Microbiële EPS’s worden gewoonlijk geproduceerd in aerobe, ondergedompelde fermentatiesystemen. Fermentatieomstandigheden, zoals beluchting, agitatie, pH, opgeloste zuurstofconcentratie, temperatuur, mediumsamenstelling en bioreactorontwerp, kunnen bepalend zijn voor de kenmerken van het product en het productierendement. Vandaar dat om een hoge productiekwaliteit en -opbrengst te bereiken uitgebreide optimalisatie van deze parameters moet worden uitgevoerd voor elk organisme (Öner et al., 2016). Srikanth et al. (2015) onderzochten bijvoorbeeld de effecten van fermentatieparameters, waaronder initiële pH, levan-suppletie, sucroseconcentratie, stikstofbron, inoculumconcentratie en kweektijd op de levan-synthese met Acetobacter xylinum NCIM2526 als de productiestam. De optimale condities werden bepaald op respectievelijk 10, 50-60 en 1,49 g/L voor stikstof, sacharose en inoculum. De levanopbrengst nam aanzienlijk toe na de eerste 24 uur en de maximale levanproductiviteit werd verkregen na 122 uur wanneer de aanvankelijke pH werd ingesteld op 6,8. Verhoging van de aanvankelijke toevoeging van levan van 0,1 tot 0,4 g/L verhoogde de opbrengst van levan van 1,22 tot 1,65 g/L; alles boven 0,4 g/L had geen verdere toename van de opbrengst tot gevolg. Inoculumconcentraties tussen 5% (v/v) en 10% (v/v) leidden tot een verandering in de levanopbrengst zoals verwacht en een maximumopbrengst (1,46 g/L) werd bereikt bij 7% (v/v). Sucroseconcentraties van 20 tot 80 g/L beïnvloedden de levanopbrengst. In het 40-50 g/L bereik werd de productieopbrengst verhoogd, in het 70-80 g/L bereik werd deze verlaagd, en in het 20-40 g/L bereik werd deze niet veranderd.

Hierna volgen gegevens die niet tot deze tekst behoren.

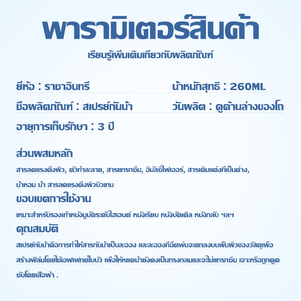 สเปรย์กันน้ำนาโน นาโนสเปรย์กันน้ำ 260ml ต่อต้านอนุมูลอิสระยาวนาน สเปรย์กันน้ำ ไม่เจ็บรองเท้า นาโนกันน้ำ
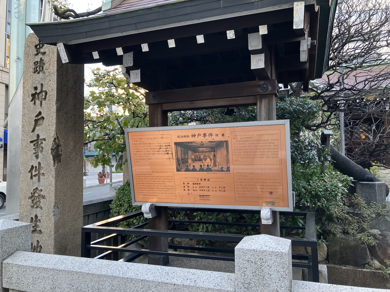 神戸市内の元町エリアにある三宮神社に参拝した際に、鳥居の横に神戸事件の石碑と説明板を見つけました。神戸事件とは、慶応四年に起きた事件で、備前藩の前を外国の水兵が横切ったことに怒った藩士が水兵を切り付けて国際問題に発展したそうです。神社と事件が結び付かず、意外でした。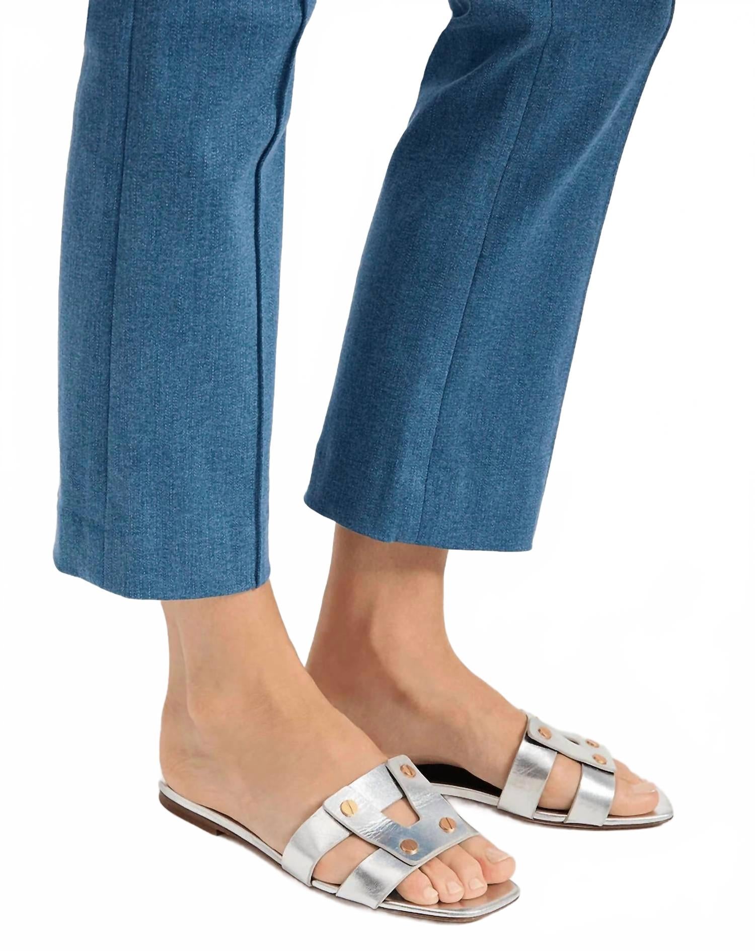 Классически милые и удобные на весь день. Мы в восторге от этих сандалий. Представляем сандалии Via Slide от Veronica Beard - идеальное сочетание элегантности и комфорта в сияющей серебристой металлической коже. Благодаря открытому носку и минималистичному дизайну с множеством ремешков, украшенных золотой фурнитурой, эти сандалии идеально подойдут для стильной летней прогулки. Плоский каблук обеспечит комфорт как в летние выходные, так и на стильные встречи в День матери. Уход: хранить в прохладном сухом месте в пылезащитном мешке и чистить под наблюдением специалиста.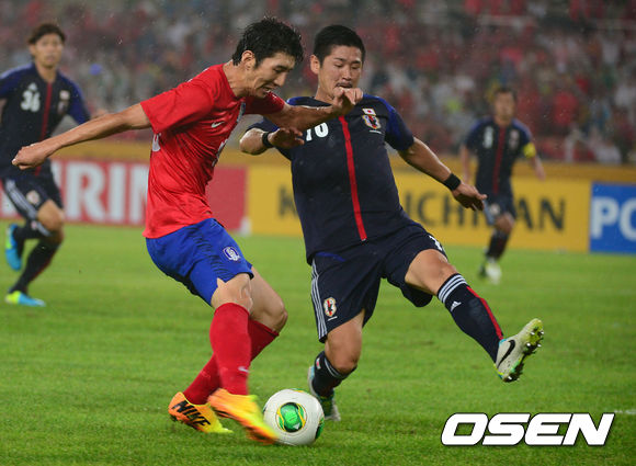 [OSNE=잠실, 곽영래 기자] 28일 오후 서울 잠실종합운동장에서 열린 2013 동아시안컵 축구선수권대회 한국과 일본의 경기 전반 한국 김동섭이 슈팅을 때리고 있다.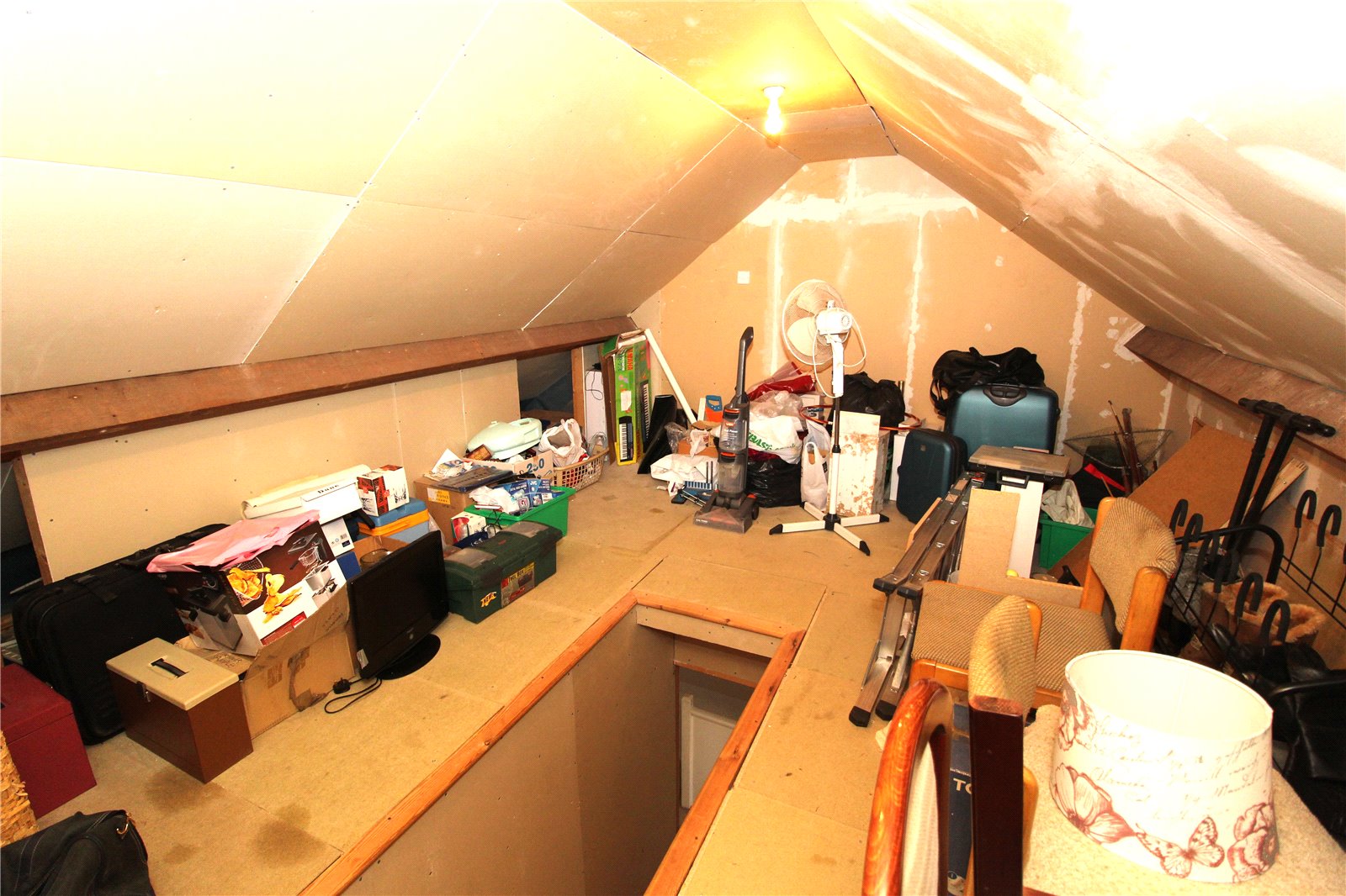 Fully boarded walls and flooring. Eaves storage areas. Power and lighting.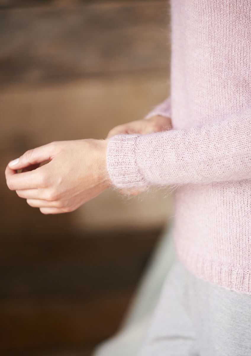 This stocking stitch sweater from Quail Studio is simply elegant. Kidsilk Haze and Fine Lace are worked together to create a beautifully soft, delicate fabric and the classic crew neck and ribbed hems make this a key wardrobe essential.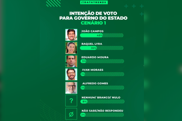 Já em uma projeção para segundo turno, João Campos tem 51% das intenções de voto, enquanto Raquel Lyra alcança 40%. Brancos e nulos totalizam 8%, e 1% dos eleitores não sabem ou preferiram não responder.

Sarilmiser et al. (2015) onderzochten de productie van levan in een halofiel micro-organisme (Halomonas smyrnensis AAD6T) met behulp van verschillende stimulerende factoren. Zo werden verschillende voedingsstrategieën toegepast met verschillende tijdsintervallen in een batch-bioreactorsysteem, en werden meerdere initiële condities getest in shakeculturen. Onder de verschillende geteste pH- en sacharoseconcentraties werd de maximale levanopbrengst bereikt bij pH 7 (1,345 g/L levan) en 50 g/L sacharose (1,320 g/L levan). Wanneer stikstof- en fosforbeperkingen werden toegepast, daalden zowel de levanconcentratie als de biomassa, terwijl de Yp/x-waarden stegen. Stikstofpulsstrategieën verminderden de levan-synthese als gevolg van de verlengde groeiperiode, sucrosepulsstrategieën verbeterden de celgroei en de levan-productie aanzienlijk, en NaCl-puls had geen invloed op de groei. Interessant is dat culturen gekweekt in de aanwezigheid van boorzuur de hoogste concentraties levan (8,84 g/L) produceerden in gecontroleerde bioreactoromstandigheden. Deze verbetering werd verklaard door het biologische fenomeen bekend als quorum sensing (QS), waarbij booratomen betrokken zijn; een van de signaalmoleculen betrokken bij QS in H. smyrnensis AAD6T werd later geïdentificeerd als een C16-acylhomoserinelacton (Abbamondi et al., 2016).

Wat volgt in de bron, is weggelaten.